We’re up to five sessions of The One Ring on Twitch.tv/actualplay. I thought we were going to get to use the treasure hoard rules for the first time. The fellowship (aka party) was exploring a barrow tomb following a lead on a man they’re tracking. But a player had one of those good stressful decision points. They added a twist into the game session, so maybe next session!
I really like the way The One Ring handles treasures. Especially - distinctive, magical, precious treasures. There are three magnitudes of a treasure hoard. Upon finding one some dice are rolled to determine the value of the hoard with an optional table for deciding what’s actually in there. Every value point of treasure is worth one load of encumbrance. Nice neat tidy.
But that’s not the thing! We’ve seen wealth, resources get abstracted out before. Frodo was meant to have the ring, as Bilbo was meant to find it. Gandalf says — or something like it.
Once the base value has been determined another roll occurs to determine what precious, special things are present if any. The players decide of these things who keeps what. That’s kinda all cool, but still, it all seems the same. The randomness is just distributed a bit more.

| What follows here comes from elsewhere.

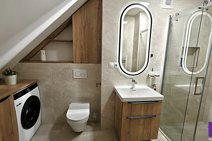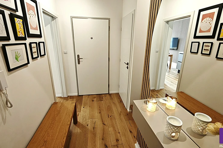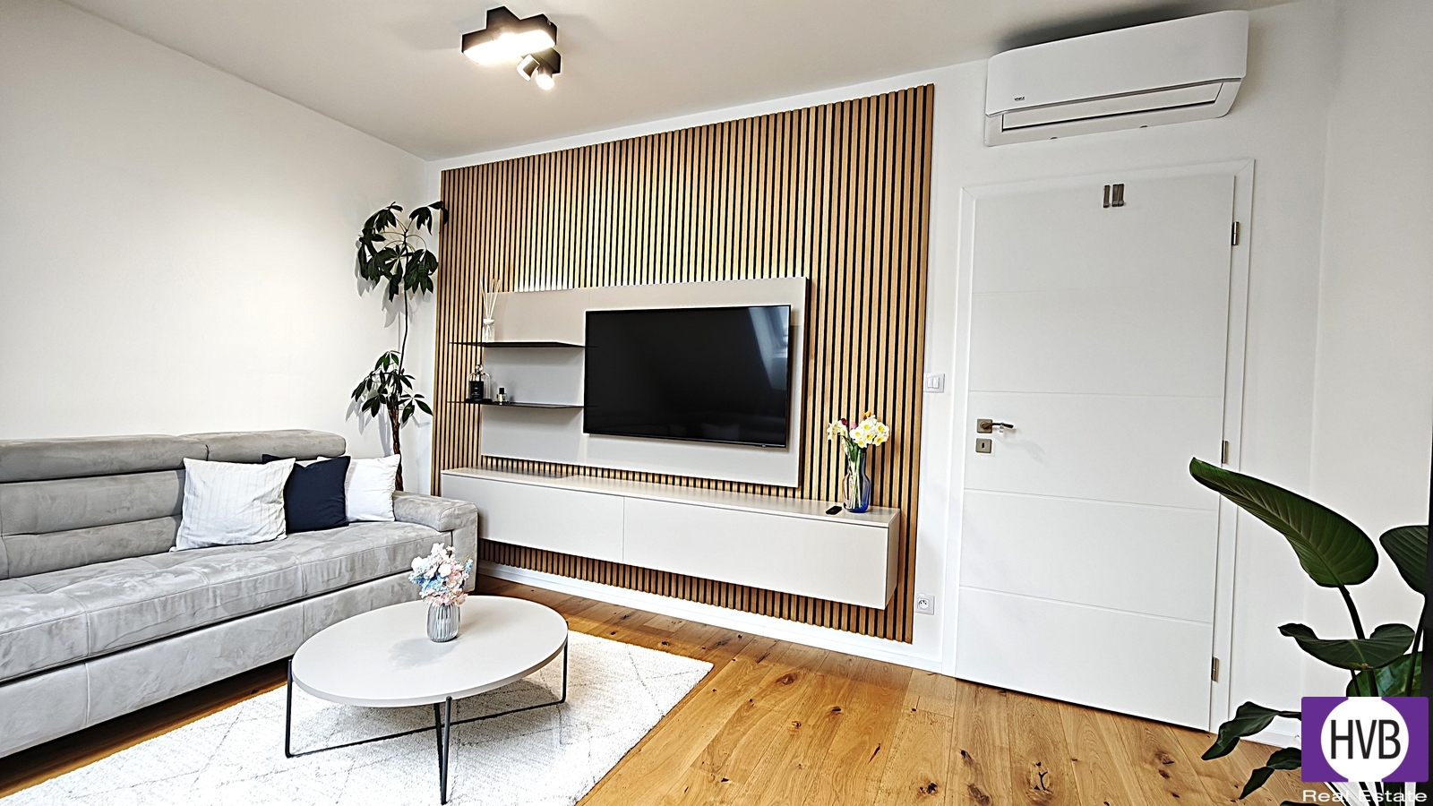 The apartment unit with air-conditioned rooms is equipped to a high standard, emphasizing both aesthetics and functionality, offered fully furnished. On its lower level, you will find a spacious living room, a dining area with a modern kitchen corner and a balcony, a bathroom with a bathtub, and a practical storage room; the upper level offers two more rooms and a bathroom with a shower. Both floors are elegantly connected by a designer staircase, with heating provided by a private boiler.

That’s the thing, it’s not really all that random. There’s a Treasure Index the Loremaster makes for the campaign. It is the definitive list of things magical, wonderous, and famous. The magical treasure rolls made during a session determine what magnitude of item from the Treasure Index is found. The Loremaster ultimately decides what item — but it was part of the campaign prep. Decided on before discovered in the barrow tomb. Meant for Nendor to find! That’s the part I’m loving. The idea that the campaign has a definitive list, big or small of not just magical stuff -but magical treasures relevant to the campaign.
I will consider this going forward in fantasy games that I run. An index implies deliberate choices about what will be in the series of games. What exists, maybe a little who and how. The uniqueness (or not!) of the items tells a story. A story that can add color to the fiction we’re generating.
And if Gandalf is right, what is your character meant to do with that precious artefact?